Produits du terroir

La charcuterie est un élément important de la gastronomie lozérienne. La cuisine au cochon reste une tradition bien ancrée dans toutes les campagnes du département.

Vous y dégusterez tripoux, saucisses de choux, saucisses sèches, fricandeaux, manouls, pâtés, tripoux.

De nombreux restaurants vous proposeront de goûter des cuisses de grenouilles, la potée auvergnate et le célèbre aligot.

D’après Pline L’Ancien, les fromages lozériens étaient des plus appréciés à Rome.

5 sont des AOC ; le bleu d’Auvergne, le bleu des Causses, le roquefort, le pélardon et le laguiole.

Le Label "de Lozère" a pour vocation de rassembler sous une même signature les produits fabriqués en Lozère à partir de matières premières produites localement.

Gage de qualité essentiellement consacré à cinq filières, viande, fromage, miel, charcuterie, châtaigne, pour en savoir plus cliquez sur www.plaisirsauthentiques.com

En dessert vous vous régalerez de coupétade (pain perdu au pruneaux et raisins de Corinthe), de Croquants de Mende (petits gâteaux secs allongés enrichis d’amandes et de noisettes) et de fougasse.

A Saint-Alban-sur-Limagnole, venez découvrir la croquille du pèlerin, petit sablé aux noisettes et raisins secs parfois aux amandes ou au chocolat.

La cueillette est également une tradition.
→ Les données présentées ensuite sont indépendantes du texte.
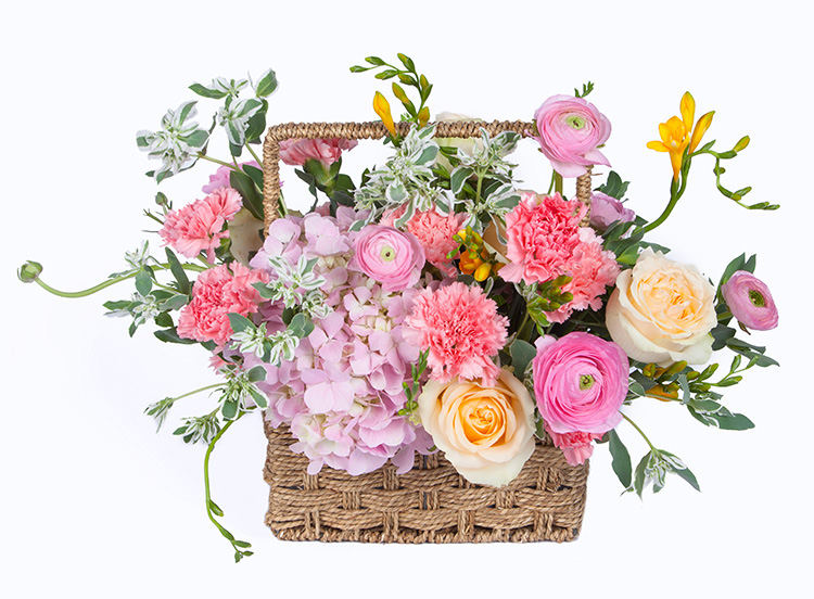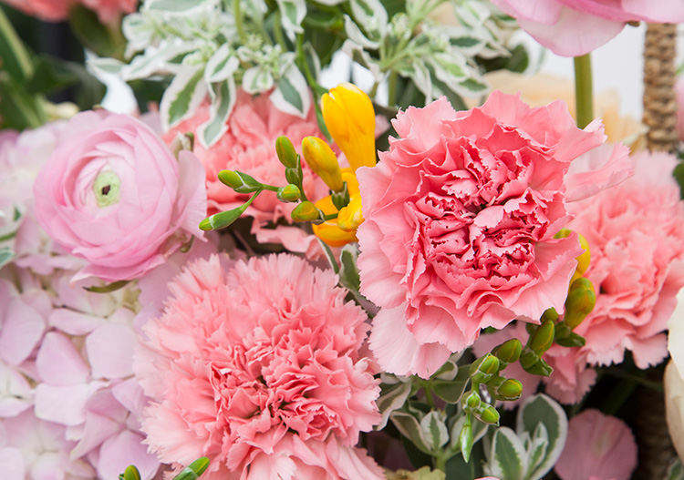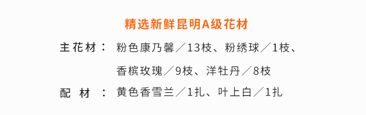 粉色康乃馨13枝、粉绣球1枝、香槟玫瑰9枝、粉色洋牡丹8枝(5月开始洋牡丹过季,用戴安娜粉玫瑰代替)、搭配黄色香雪兰10枝、叶上白10枝

En saison vous ramasserez champignons (cèpes, girolles, morilles, mousserons, coulemelles), châtaignes, myrtilles, framboises et mûres.

Attention la cueillette des champignons est une coutume tolérée et non un droit et ne doit pas faire objet d’un commerce.

Légendes de l’aligot :

1. En chemin vers Clermont-Ferrand, les trois évêques des diocèses de Rodez, Saint-Flour et de Mende arrivés au croisement des trois départements confectionnèrent un repas avec ce qu’ils avaient apportés ; la tome du Rouergue, les pommes de terres d’Auvergne, le beurre, le lait du Gévaudan.
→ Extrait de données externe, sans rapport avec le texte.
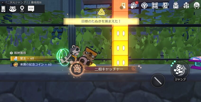 超えてきたら後はタッチして、タヌキ捕獲完了です。

Ainsi serait né ce plat typique de l’Aubrac. Une croix dite "des trois évêques" rappelant cette histoire est aujourd’hui située à la jonction des trois départements.

2. On dit aussi qu’à l’origine l’aligot était préparé avec des morceaux de pain et de tome fraîche que les moines servaient aux pèlerins cheminant sur la Via Podiensis, pour se rendre à Saint-Jacques-de-Compostelle.
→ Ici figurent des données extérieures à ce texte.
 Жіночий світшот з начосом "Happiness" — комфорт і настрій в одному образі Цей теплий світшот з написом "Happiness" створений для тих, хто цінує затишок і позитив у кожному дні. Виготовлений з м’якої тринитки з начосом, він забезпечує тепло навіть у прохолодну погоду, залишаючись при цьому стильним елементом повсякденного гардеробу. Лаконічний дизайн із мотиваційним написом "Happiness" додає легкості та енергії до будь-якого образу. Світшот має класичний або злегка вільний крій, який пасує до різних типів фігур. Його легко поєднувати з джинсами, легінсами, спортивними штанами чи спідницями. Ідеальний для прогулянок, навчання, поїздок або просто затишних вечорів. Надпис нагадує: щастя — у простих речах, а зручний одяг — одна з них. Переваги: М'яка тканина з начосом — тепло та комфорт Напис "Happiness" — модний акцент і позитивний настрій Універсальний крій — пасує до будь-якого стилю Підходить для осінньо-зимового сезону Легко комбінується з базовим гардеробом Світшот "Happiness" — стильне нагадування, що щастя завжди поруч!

Aujourd’hui on le prépare avec des pommes de terre mélangées avec de la crème, du beurre, de la tome fraîche et un peu d’ail pilé.

Il faut ensuite l’étirer avec une spatule en bois pour le faire filer.

Traditionnellement, l’aligot est confectionné (et dégusté) dans les abris des vachers et fromagers, les burons.